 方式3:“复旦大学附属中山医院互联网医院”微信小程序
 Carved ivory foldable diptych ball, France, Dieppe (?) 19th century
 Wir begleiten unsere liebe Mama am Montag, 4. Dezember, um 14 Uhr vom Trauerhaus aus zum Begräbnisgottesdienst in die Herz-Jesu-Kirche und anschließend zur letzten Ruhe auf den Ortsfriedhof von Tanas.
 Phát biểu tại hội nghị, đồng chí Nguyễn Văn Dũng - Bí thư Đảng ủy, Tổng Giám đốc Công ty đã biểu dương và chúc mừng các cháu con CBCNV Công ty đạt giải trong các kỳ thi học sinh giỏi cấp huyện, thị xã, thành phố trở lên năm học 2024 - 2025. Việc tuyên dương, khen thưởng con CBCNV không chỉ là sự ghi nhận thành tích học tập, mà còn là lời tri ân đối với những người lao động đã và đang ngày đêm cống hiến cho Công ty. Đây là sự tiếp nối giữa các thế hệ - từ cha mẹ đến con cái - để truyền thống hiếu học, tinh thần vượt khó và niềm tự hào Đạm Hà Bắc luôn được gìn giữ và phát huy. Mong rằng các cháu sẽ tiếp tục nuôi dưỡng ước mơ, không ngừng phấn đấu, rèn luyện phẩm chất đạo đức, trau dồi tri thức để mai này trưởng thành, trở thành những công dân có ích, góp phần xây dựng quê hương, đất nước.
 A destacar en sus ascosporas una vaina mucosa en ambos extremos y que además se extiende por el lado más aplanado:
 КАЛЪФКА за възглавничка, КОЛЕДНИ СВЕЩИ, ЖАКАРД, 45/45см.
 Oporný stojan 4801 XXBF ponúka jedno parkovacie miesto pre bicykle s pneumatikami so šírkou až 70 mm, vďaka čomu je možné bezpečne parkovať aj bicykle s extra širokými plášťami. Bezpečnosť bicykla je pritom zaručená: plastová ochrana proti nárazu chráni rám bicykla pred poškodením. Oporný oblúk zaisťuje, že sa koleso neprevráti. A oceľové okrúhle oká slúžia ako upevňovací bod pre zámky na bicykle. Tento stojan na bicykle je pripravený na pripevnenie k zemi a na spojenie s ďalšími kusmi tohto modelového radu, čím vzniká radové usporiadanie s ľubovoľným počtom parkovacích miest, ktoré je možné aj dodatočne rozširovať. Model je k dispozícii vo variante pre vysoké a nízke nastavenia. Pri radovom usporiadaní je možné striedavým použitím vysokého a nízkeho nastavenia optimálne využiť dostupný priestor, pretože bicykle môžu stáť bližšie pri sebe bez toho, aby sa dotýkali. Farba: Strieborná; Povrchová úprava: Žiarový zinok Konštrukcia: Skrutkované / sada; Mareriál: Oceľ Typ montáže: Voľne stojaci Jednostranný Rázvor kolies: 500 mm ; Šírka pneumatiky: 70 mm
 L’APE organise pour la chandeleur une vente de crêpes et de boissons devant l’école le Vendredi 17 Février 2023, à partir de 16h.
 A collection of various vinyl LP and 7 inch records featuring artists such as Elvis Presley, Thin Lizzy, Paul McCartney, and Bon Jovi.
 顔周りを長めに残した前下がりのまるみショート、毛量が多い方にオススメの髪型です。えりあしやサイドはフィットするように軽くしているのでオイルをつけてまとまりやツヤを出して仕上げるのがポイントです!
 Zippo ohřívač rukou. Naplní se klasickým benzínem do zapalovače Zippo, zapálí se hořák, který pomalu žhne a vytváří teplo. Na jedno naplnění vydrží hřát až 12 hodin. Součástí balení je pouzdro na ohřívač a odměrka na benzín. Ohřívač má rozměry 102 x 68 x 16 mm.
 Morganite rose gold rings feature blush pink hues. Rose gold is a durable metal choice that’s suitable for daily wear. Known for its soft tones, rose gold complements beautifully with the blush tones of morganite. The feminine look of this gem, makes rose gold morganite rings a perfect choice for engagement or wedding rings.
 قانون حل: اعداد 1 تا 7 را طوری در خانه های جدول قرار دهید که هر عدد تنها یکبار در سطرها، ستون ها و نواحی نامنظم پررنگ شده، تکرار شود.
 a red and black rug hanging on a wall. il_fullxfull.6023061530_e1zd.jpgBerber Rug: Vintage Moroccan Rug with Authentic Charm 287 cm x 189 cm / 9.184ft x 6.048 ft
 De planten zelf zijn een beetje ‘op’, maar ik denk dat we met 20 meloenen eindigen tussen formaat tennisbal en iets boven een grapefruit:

## [Task instructions]
Only the lines from the one with "قانون حل: اعداد" through the final line above belong in the answer, each retyped exactly.

## [Result below]
 قانون حل: اعداد 1 تا 7 را طوری در خانه های جدول قرار دهید که هر عدد تنها یکبار در سطرها، ستون ها و نواحی نامنظم پررنگ شده، تکرار شود.
 a red and black rug hanging on a wall. il_fullxfull.6023061530_e1zd.jpgBerber Rug: Vintage Moroccan Rug with Authentic Charm 287 cm x 189 cm / 9.184ft x 6.048 ft
 De planten zelf zijn een beetje ‘op’, maar ik denk dat we met 20 meloenen eindigen tussen formaat tennisbal en iets boven een grapefruit:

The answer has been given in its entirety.